— Materials provided —
-- Opening Marker --
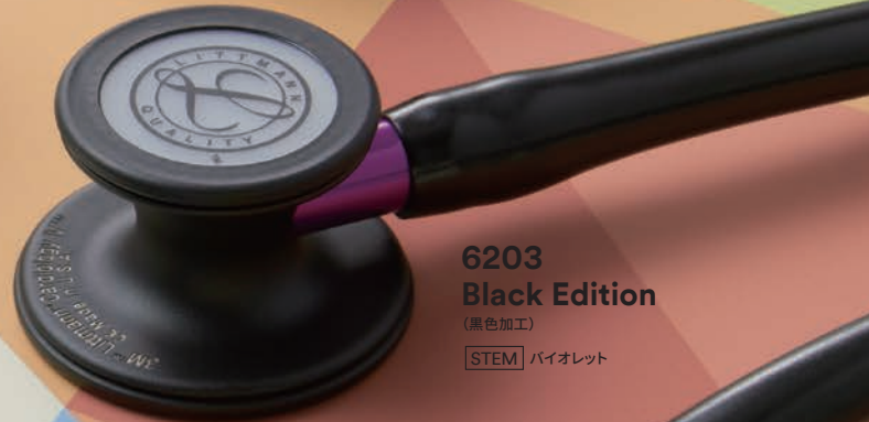
6203 Black Edition (黒色加工) [STEM] バイオレット
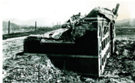
原爆被災後の竹の久保校舎・C
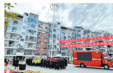
应急安全知识“双进双百”
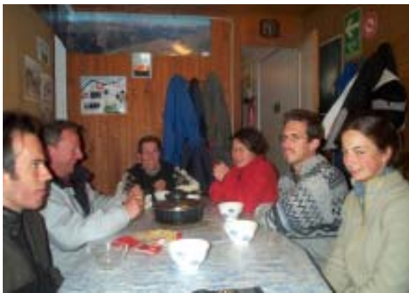
Séquence soupe à l'ognon
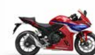
Grand Prix Red
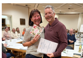
Dank für 25 Jahre Chorarbeit
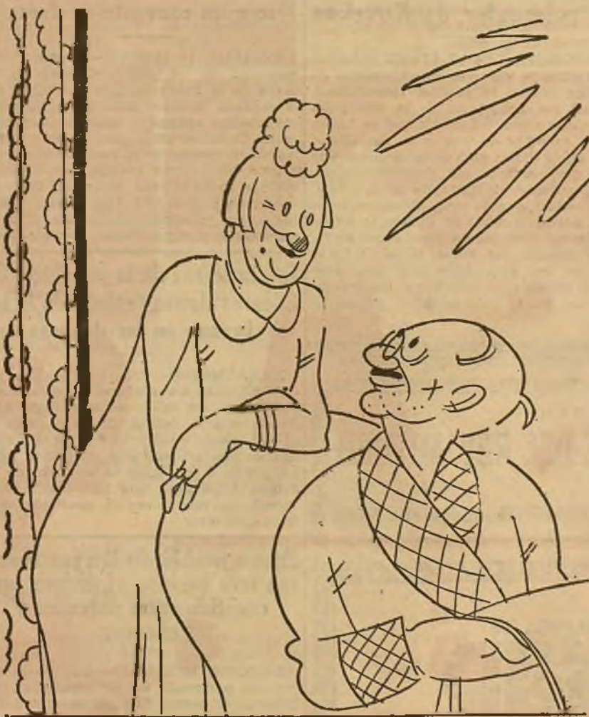
QUIEN TUVO Y RETUVO..., por K-HITO

—Pues te advierto que algo tendrá el agua cuando la bendicen: ayer me preguntó uno en la calle si era yo Miss Castilla la Vieja. —Lo de Castilla no es verdad.
-- Closing Marker --
— Task statement —
The records above need retyping in full. Omit the pictures, and change nothing else.

— Solution for this problem —
6203 Black Edition (黒色加工) [STEM] バイオレット
原爆被災後の竹の久保校舎・C
应急安全知识“双进双百”
Séquence soupe à l'ognon
Grand Prix Red
Dank für 25 Jahre Chorarbeit
QUIEN TUVO Y RETUVO..., por K-HITO

—Pues te advierto que algo tendrá el agua cuando la bendicen: ayer me preguntó uno en la calle si era yo Miss Castilla la Vieja. —Lo de Castilla no es verdad.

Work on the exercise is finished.